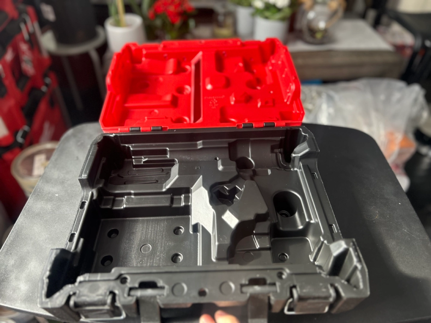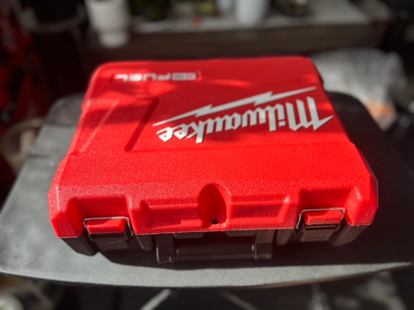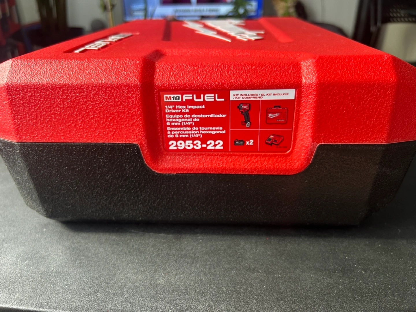 Empty hard carrying case for Milwaukee M18 FUEL 1/4" Hex Impact Driver kit. Model number 2953-22. Red plastic case with black interior.
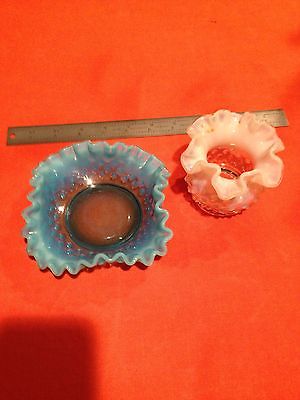 Vintage-Fenton-Milk-Glass-Hobnail-Aqua-Double-Ruffled and little white vase
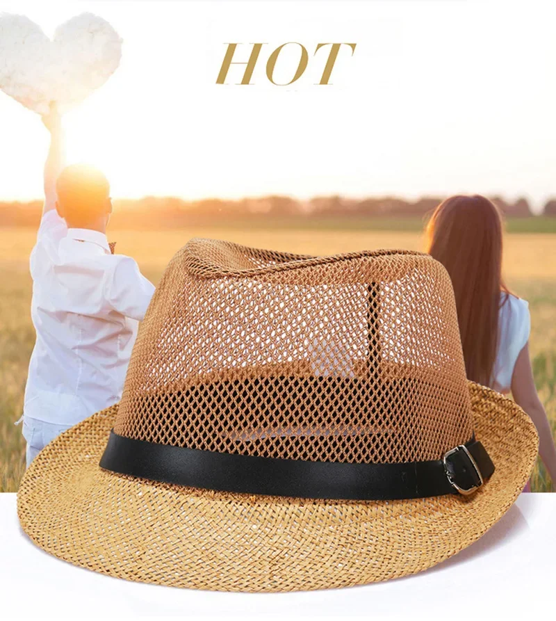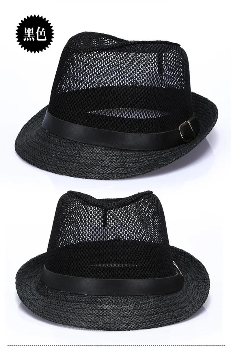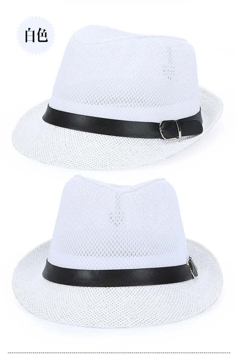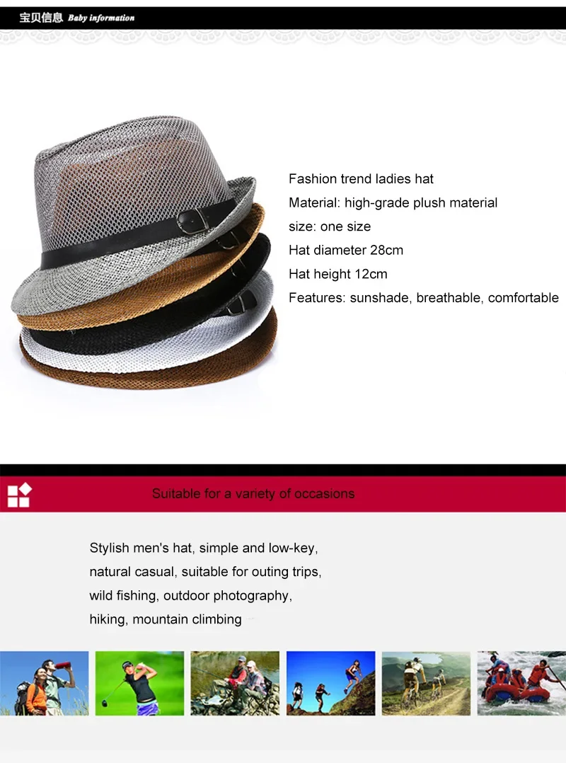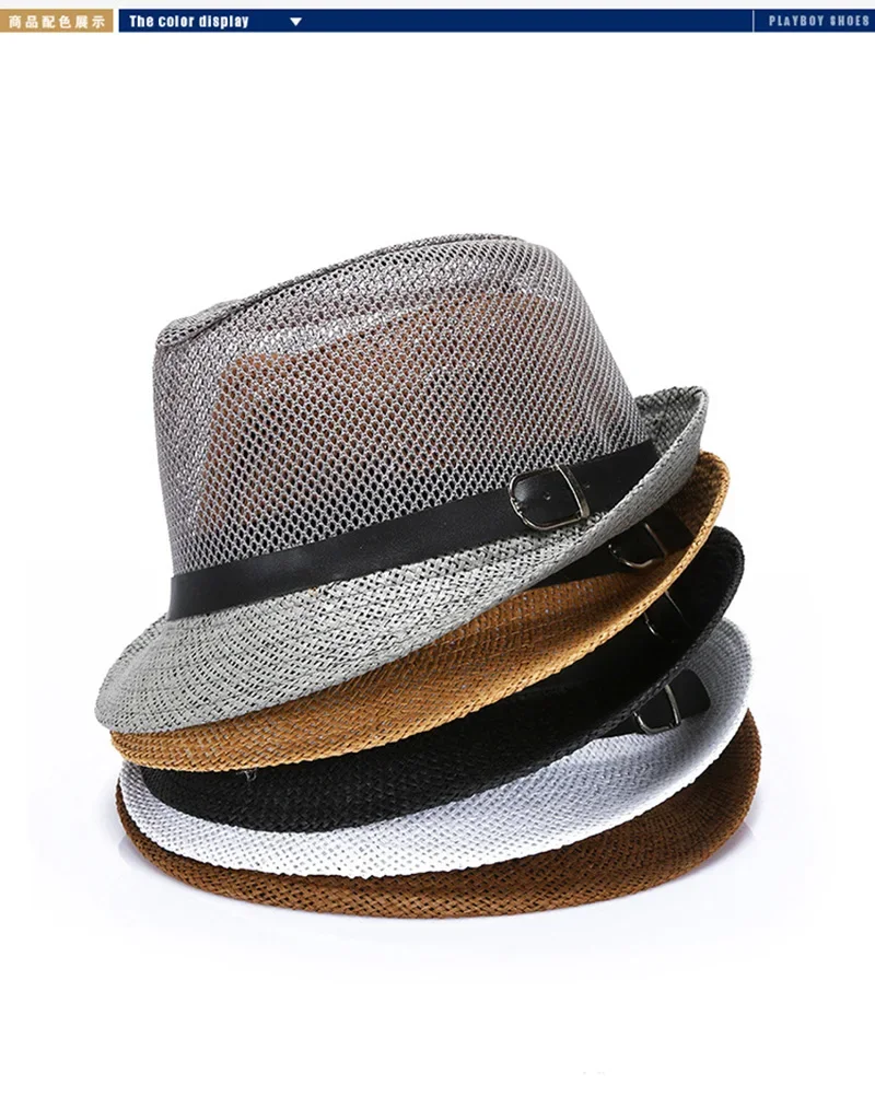 Summer linen breathable sunhat Jazz Hat small hat outdoor sun hat men's leather belt Hawkins Felt Cap Western cowboy hat F59

The problem:
Please copy exactly, and only, the lines from the one that contains "Vintage-Fenton-Milk-Glass-Hobnail-Aqua-Double-Ruffled and little" through the last line of the data above, omitting all pictures.

Response area:
 Vintage-Fenton-Milk-Glass-Hobnail-Aqua-Double-Ruffled and little white vase
 Summer linen breathable sunhat Jazz Hat small hat outdoor sun hat men's leather belt Hawkins Felt Cap Western cowboy hat F59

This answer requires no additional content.